CINCINNATI (AP) -Jerry Narron's final act as the Cincinnati Reds' manager was to change relief pitchers. Again.
Ultimately, he knew that all those trips to the mound could be his downfall.
The Reds fired Narron on Sunday night, a few hours after an 11-7 loss to the St. Louis Cardinals left them tagged with the worst record in the major leagues and made ownership decided that change was needed.
Although ownership and general manager Wayne Krivsky declined comment after the firing was announced late Sunday, Narron had already singled out the bottom line during the weekend series.
``We feel like we're in every ballgame,'' he said, after the Reds' only victory of the series on Saturday. ``It comes down to if we can get some outs after our starters come out of the game.''
Most often, they couldn't. And that's the biggest reason why Narron was gone.
Advance scout Pete Mackanin, who managed the Reds' Triple-A team in Nashville from 1990-92, was chosen interim manager. He was the Pirates' interim manager for the final 26 games of the 2005 season after Lloyd McClendon was fired.
The switch came a few hours after Seattle's Mike Hargrove resigned, saying he no longer had a passion for the job.
Narron was the second big league manager to be fired this season. Baltimore's Sam Perlozzo lost his job on June 18 after the last-place Orioles couldn't shake another losing streak.
The Reds have been far worse, setting a pace for their first 100-loss season since 1982. With no improvement in sight and attendance starting to lag, the club decided to make a change before an off day.
Narron told the Dayton Daily News that he was informed after the game that the team wanted to go in a different direction.

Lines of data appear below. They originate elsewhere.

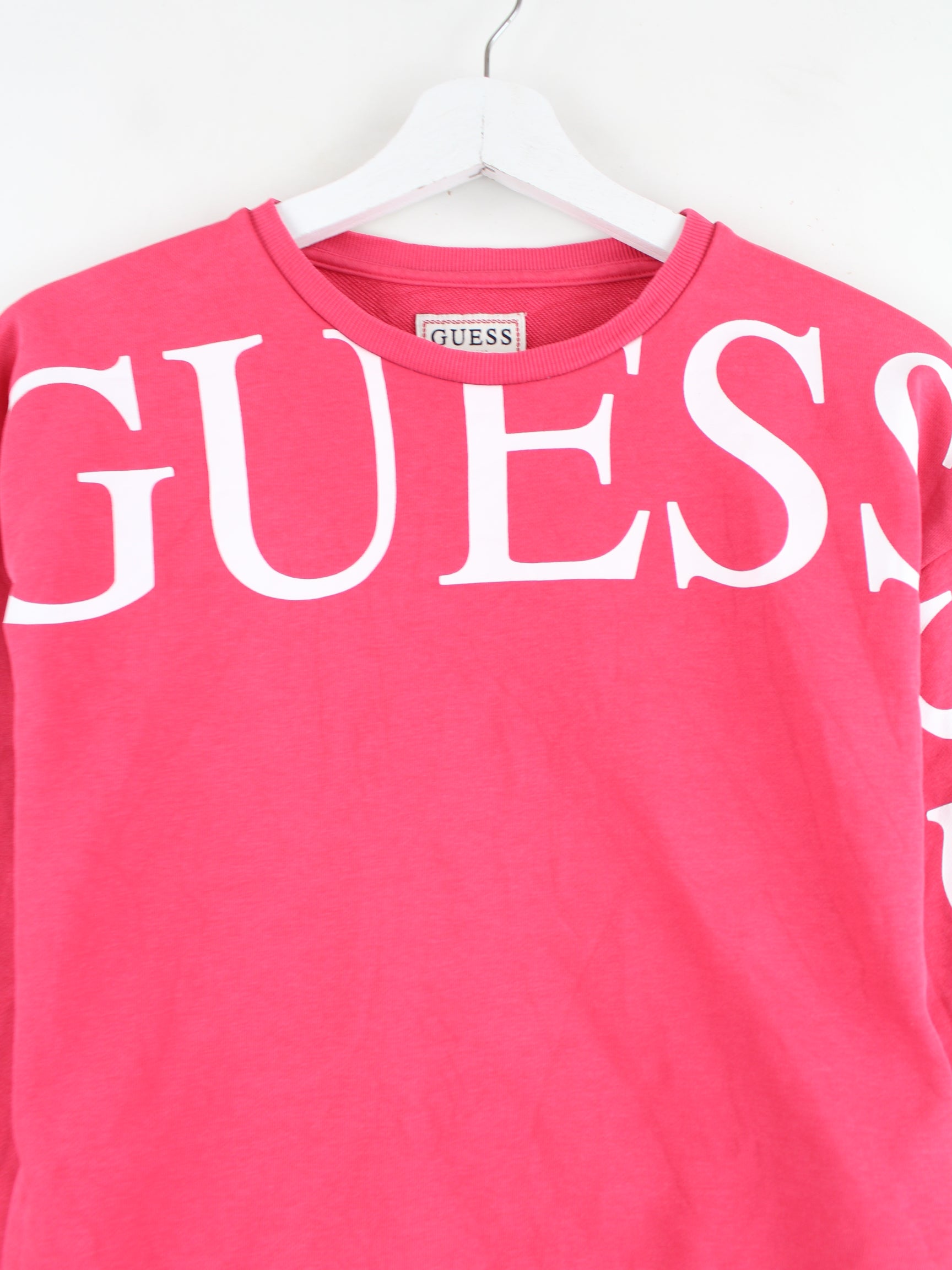 Pinkfarbener Sweater des Labels Guess in Größe S. Er ist aus einer Baumwollmischung und in gutem Zustand zu bekommen. Mit chiquem undefined Print.
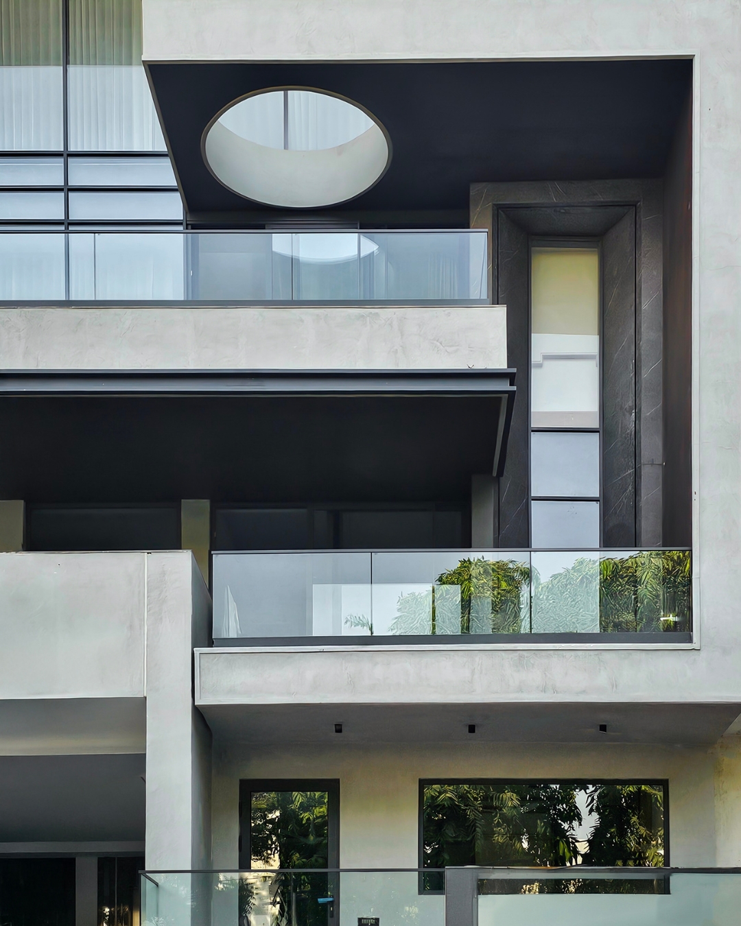 C2-107 in New Delhi is a contemporary residence defined by its stacked geometric volumes and striking architectural gestures. The façade features a pristine white cantilevered frame punctuated by a dramatic circular cutout (oculus), creating a dynamic play of light and shadow. Anchored by a vertical grey stone spine and equipped with expansive curtain wall glazing and seamless glass balustrades, the design seamlessly blends modern transparency with structural boldness.
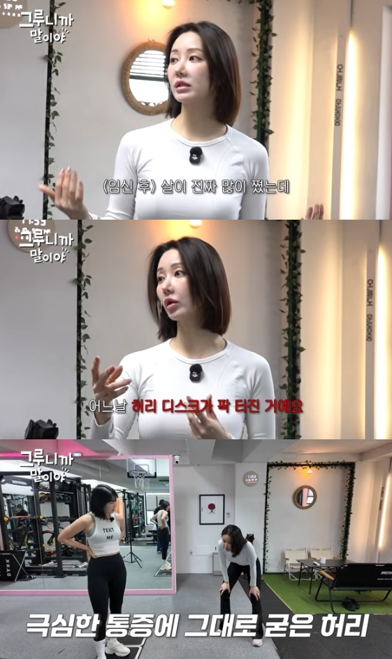 그는 "임신 후에 살이 진짜 많이 쪘는데 그 상태에서 근육도 다 빠지니까 어느 날 허리 디스크가 터졌다. 허리를 굽힌 상태에서 움직이질 못했다. 굽히지도 못하고 펴지도 못하는 상태로 라온이, 다온이 등원시키고 병원 치료받는 걸 몇 년간 하다가 근육을 만들면 좀 낫다고 해서 운동을 시작했다"라고 설명했다.
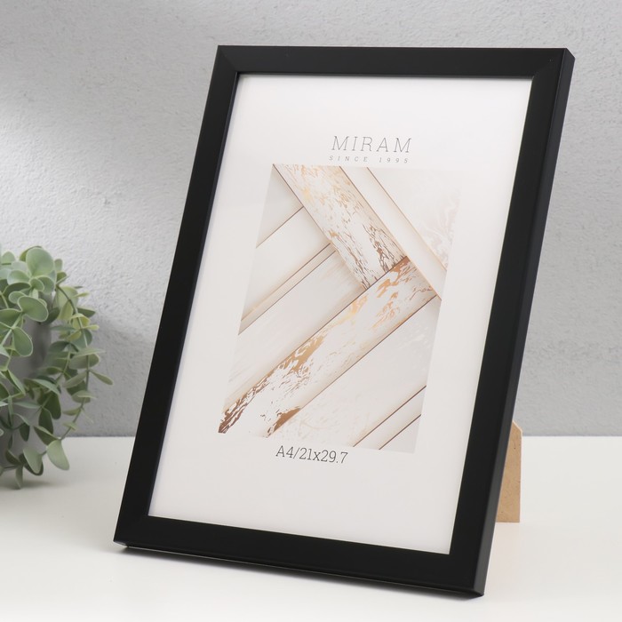 Фоторамка для фото 21×29.7 см (A4) «МИРАМ», пластик, чёрный, (пластиковый экран)
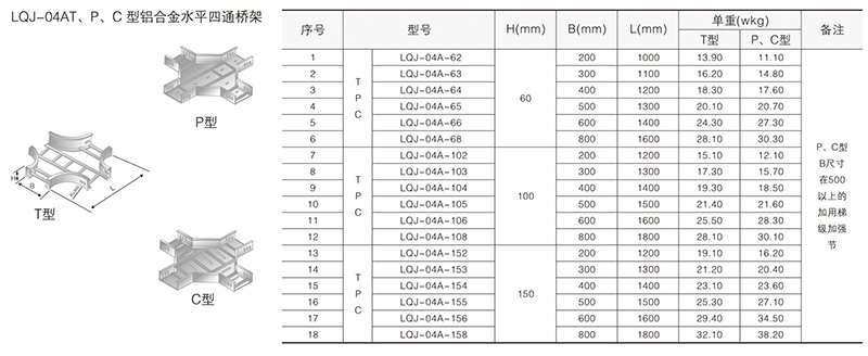 鋁合金電纜橋架在某種結(jié)構(gòu)形式中無(wú)其它結(jié)構(gòu)形式中的某-種產(chǎn)品類(lèi)別,選型可作代用表示。例如:在LQU-CC型槽式鋁合金電纜橋架結(jié)構(gòu)形式中,無(wú)鋁合金配線橋架中的LPC-03D, 即表示為LFC-CC-03D。
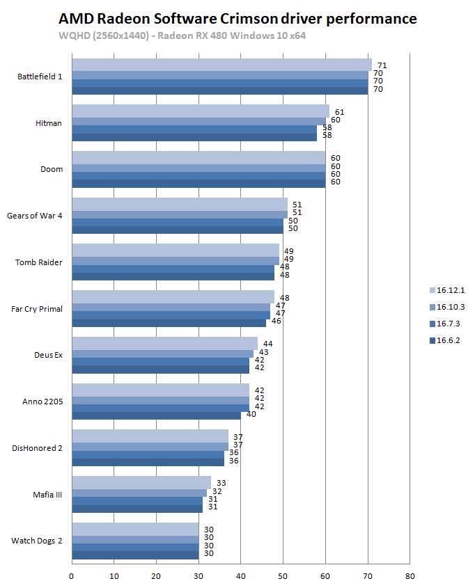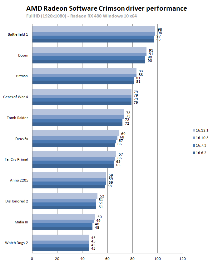 Ресурс Guru3D опубликовал результаты бенчмарков видеокарты Radeon RX 480 в нескольких разрешениях, "фишка" в том, что использовалось четыре разных версии драйверов, в том числе самые новые Radeon Software Crimson ReLive Edition 16.12.1.

``It was an honor to manage the Cincinnati Reds, a team with such great tradition, and I'm sorry I was not able to get this team to win,'' he said. ``It breaks my heart.''
The 51-year-old Narron tried to set a take-charge tone early in the season, when he moved Ken Griffey Jr. to right field and dropped him out of his accustomed spot at No. 3 in the batting order. Griffey didn't like it, but Narron went ahead with the moves.
He also benched third baseman Edwin Encarnacion during an April game for failing to run out a pop up.
Narron couldn't do much about a bullpen that led the NL in losses and repeatedly failed to hold leads in the late innings. Reds relievers have lost 18 games, most in the league.
With the franchise headed for its seventh straight losing season - its deepest slump in a half-century - the Reds made another move to shake things up. They've had three general managers and now four managers in the past five years, an instability that makes it difficult to succeed.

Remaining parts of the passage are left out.